Please restate the data below word for word, omitting all images.

THE DATA:
· · ·
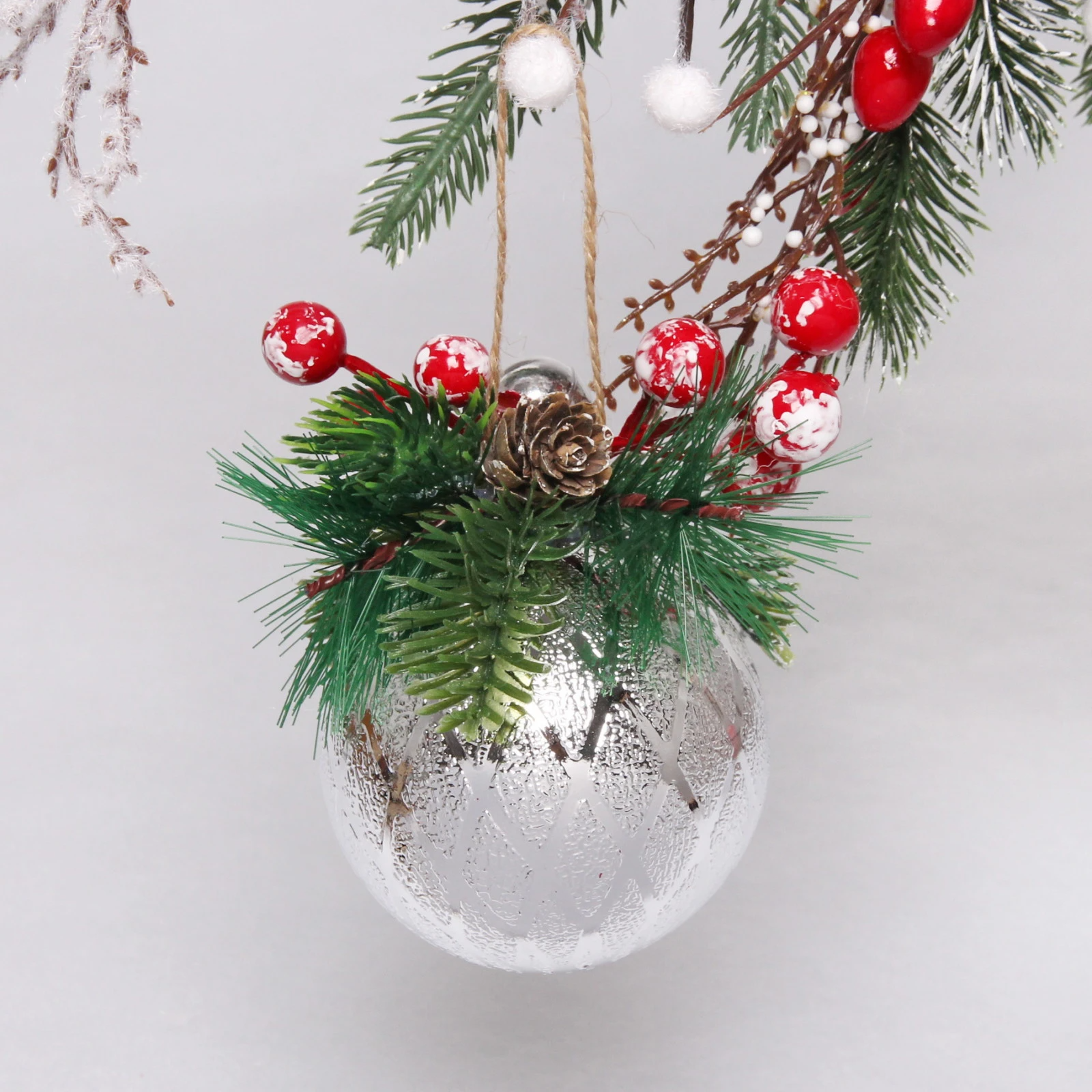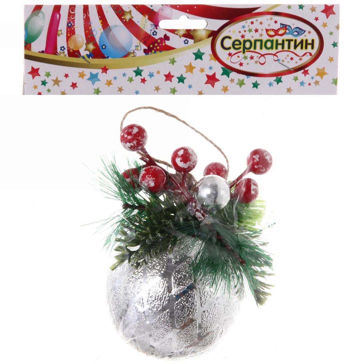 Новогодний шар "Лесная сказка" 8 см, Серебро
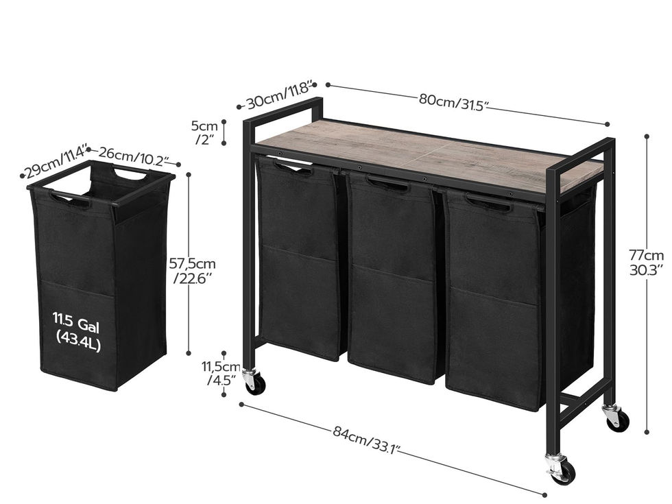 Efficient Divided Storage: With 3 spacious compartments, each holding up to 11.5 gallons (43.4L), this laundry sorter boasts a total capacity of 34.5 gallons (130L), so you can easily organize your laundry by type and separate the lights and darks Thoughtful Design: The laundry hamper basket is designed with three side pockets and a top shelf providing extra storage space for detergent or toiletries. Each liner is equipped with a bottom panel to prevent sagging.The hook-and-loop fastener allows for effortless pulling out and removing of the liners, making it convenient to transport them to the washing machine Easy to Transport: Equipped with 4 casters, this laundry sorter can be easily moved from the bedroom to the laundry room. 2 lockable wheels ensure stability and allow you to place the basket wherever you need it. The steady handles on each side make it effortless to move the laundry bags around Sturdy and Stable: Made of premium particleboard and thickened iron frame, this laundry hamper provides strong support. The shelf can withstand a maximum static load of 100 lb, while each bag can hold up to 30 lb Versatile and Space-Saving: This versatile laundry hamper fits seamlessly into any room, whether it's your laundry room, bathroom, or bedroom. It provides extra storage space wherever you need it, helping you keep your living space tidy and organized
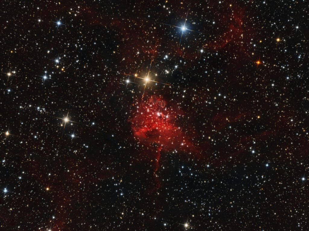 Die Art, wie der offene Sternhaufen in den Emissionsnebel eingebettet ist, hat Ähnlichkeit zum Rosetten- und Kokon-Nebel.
· · ·
THE ANSWER:
 Новогодний шар "Лесная сказка" 8 см, Серебро
 Efficient Divided Storage: With 3 spacious compartments, each holding up to 11.5 gallons (43.4L), this laundry sorter boasts a total capacity of 34.5 gallons (130L), so you can easily organize your laundry by type and separate the lights and darks Thoughtful Design: The laundry hamper basket is designed with three side pockets and a top shelf providing extra storage space for detergent or toiletries. Each liner is equipped with a bottom panel to prevent sagging.The hook-and-loop fastener allows for effortless pulling out and removing of the liners, making it convenient to transport them to the washing machine Easy to Transport: Equipped with 4 casters, this laundry sorter can be easily moved from the bedroom to the laundry room. 2 lockable wheels ensure stability and allow you to place the basket wherever you need it. The steady handles on each side make it effortless to move the laundry bags around Sturdy and Stable: Made of premium particleboard and thickened iron frame, this laundry hamper provides strong support. The shelf can withstand a maximum static load of 100 lb, while each bag can hold up to 30 lb Versatile and Space-Saving: This versatile laundry hamper fits seamlessly into any room, whether it's your laundry room, bathroom, or bedroom. It provides extra storage space wherever you need it, helping you keep your living space tidy and organized
 Die Art, wie der offene Sternhaufen in den Emissionsnebel eingebettet ist, hat Ähnlichkeit zum Rosetten- und Kokon-Nebel.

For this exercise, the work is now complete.